WHAT YOU SHOULD DO: Whichever lines of the entries hold the word "left" should be identified and copied.

GIVEN INFORMATION:
***

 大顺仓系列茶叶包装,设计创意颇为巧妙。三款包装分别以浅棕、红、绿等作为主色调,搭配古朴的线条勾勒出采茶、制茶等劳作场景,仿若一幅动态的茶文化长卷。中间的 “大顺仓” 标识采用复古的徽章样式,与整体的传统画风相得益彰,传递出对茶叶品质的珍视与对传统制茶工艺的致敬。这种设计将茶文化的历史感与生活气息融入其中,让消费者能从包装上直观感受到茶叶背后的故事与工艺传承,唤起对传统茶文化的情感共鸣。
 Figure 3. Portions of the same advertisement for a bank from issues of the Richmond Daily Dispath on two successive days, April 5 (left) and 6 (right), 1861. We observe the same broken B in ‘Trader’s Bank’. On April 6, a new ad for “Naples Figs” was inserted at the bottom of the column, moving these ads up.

***

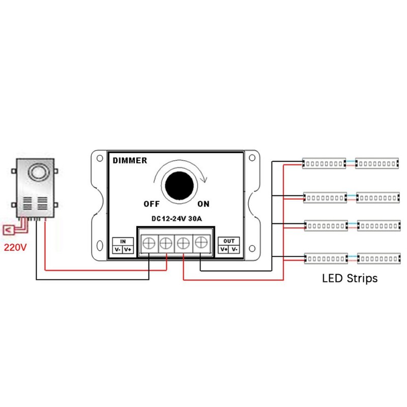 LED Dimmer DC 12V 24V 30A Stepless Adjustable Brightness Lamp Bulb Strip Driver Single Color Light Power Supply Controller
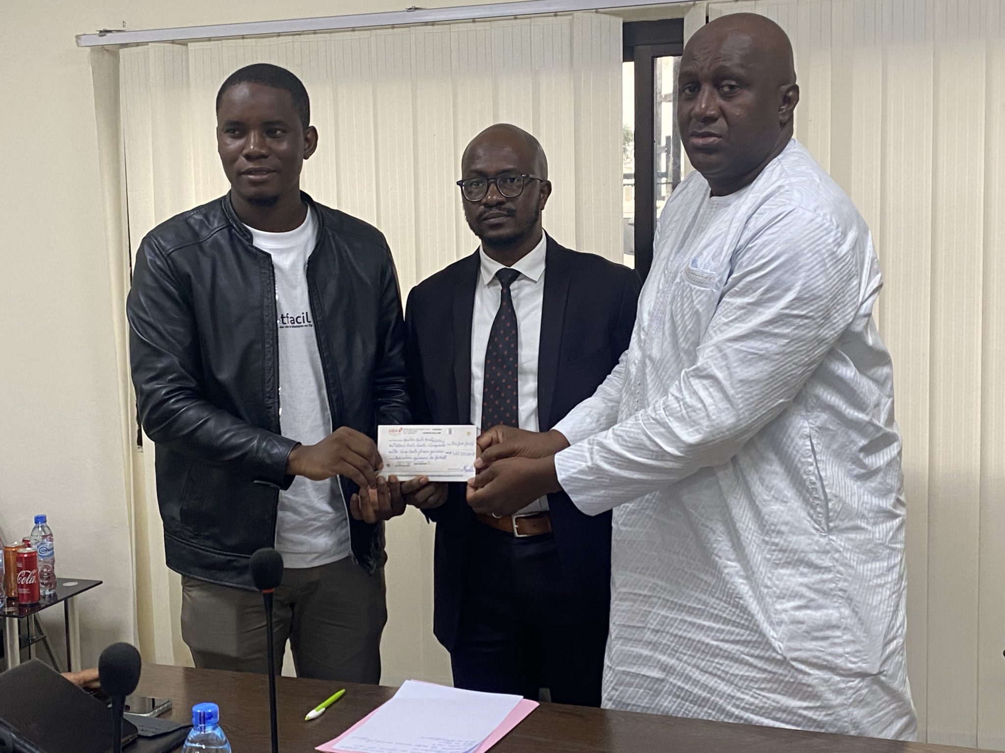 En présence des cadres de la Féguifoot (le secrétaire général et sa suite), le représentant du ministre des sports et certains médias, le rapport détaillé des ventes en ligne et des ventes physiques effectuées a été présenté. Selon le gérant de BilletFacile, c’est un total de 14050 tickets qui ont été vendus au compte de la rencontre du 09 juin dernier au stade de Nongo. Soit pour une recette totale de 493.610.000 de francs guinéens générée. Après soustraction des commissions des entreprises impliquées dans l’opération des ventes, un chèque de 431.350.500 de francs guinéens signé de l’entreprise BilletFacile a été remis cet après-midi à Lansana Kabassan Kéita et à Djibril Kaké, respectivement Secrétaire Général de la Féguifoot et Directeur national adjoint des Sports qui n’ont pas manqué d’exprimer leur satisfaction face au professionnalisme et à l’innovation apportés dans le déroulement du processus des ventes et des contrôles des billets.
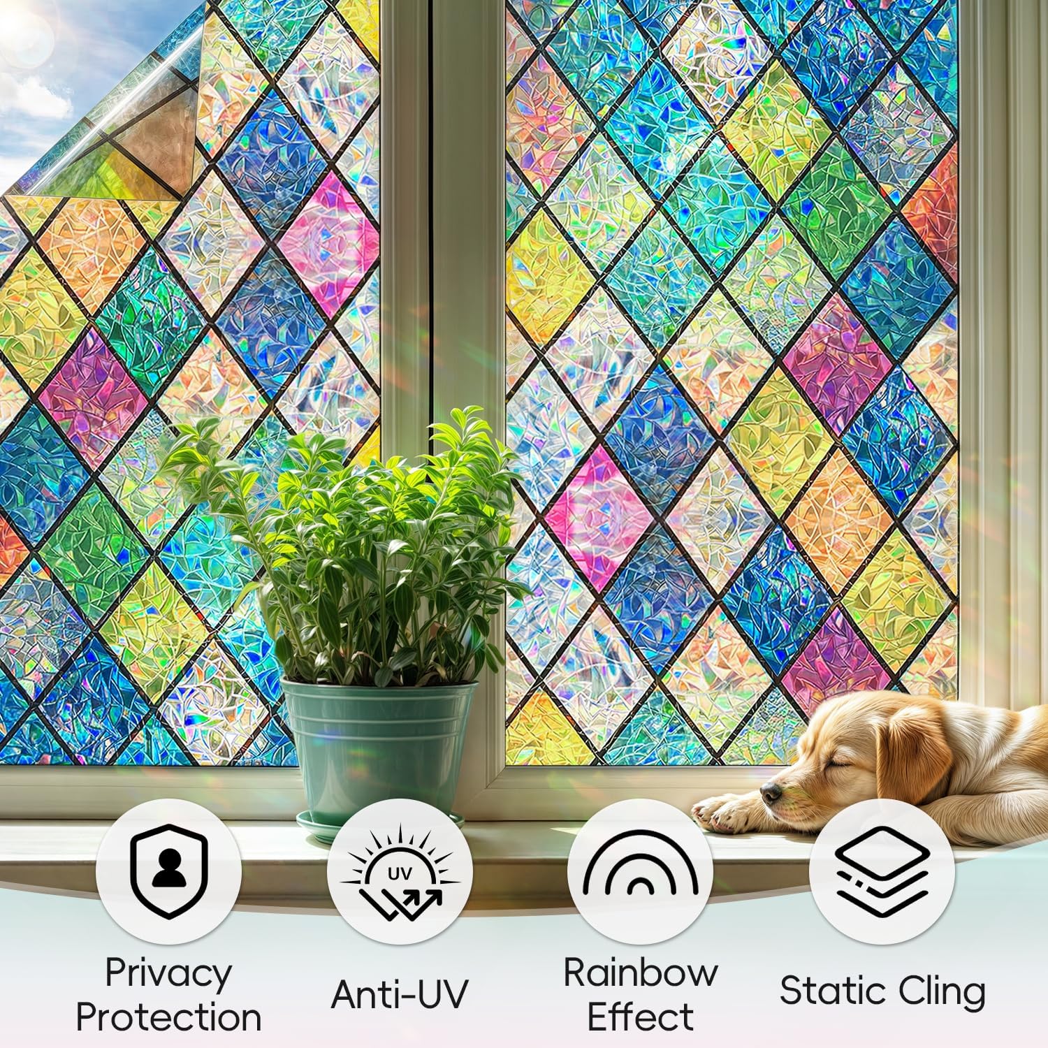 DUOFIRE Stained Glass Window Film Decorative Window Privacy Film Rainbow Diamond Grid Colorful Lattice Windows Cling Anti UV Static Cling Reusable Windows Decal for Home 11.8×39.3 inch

***

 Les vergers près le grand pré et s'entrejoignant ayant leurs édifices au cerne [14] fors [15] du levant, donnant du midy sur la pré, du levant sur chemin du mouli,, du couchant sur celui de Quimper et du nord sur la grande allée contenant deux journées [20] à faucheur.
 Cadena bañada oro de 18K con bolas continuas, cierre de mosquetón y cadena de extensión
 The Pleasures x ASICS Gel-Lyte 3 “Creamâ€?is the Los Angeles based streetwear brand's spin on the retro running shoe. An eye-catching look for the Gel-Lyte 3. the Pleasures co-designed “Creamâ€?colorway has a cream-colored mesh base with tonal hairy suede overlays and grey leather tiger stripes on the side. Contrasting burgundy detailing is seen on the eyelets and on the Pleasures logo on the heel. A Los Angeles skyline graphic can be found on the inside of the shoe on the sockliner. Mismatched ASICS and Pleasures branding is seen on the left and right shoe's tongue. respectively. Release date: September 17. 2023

***

EXPECTED OUTPUT:
 Figure 3. Portions of the same advertisement for a bank from issues of the Richmond Daily Dispath on two successive days, April 5 (left) and 6 (right), 1861. We observe the same broken B in ‘Trader’s Bank’. On April 6, a new ad for “Naples Figs” was inserted at the bottom of the column, moving these ads up.
 The Pleasures x ASICS Gel-Lyte 3 “Creamâ€?is the Los Angeles based streetwear brand's spin on the retro running shoe. An eye-catching look for the Gel-Lyte 3. the Pleasures co-designed “Creamâ€?colorway has a cream-colored mesh base with tonal hairy suede overlays and grey leather tiger stripes on the side. Contrasting burgundy detailing is seen on the eyelets and on the Pleasures logo on the heel. A Los Angeles skyline graphic can be found on the inside of the shoe on the sockliner. Mismatched ASICS and Pleasures branding is seen on the left and right shoe's tongue. respectively. Release date: September 17. 2023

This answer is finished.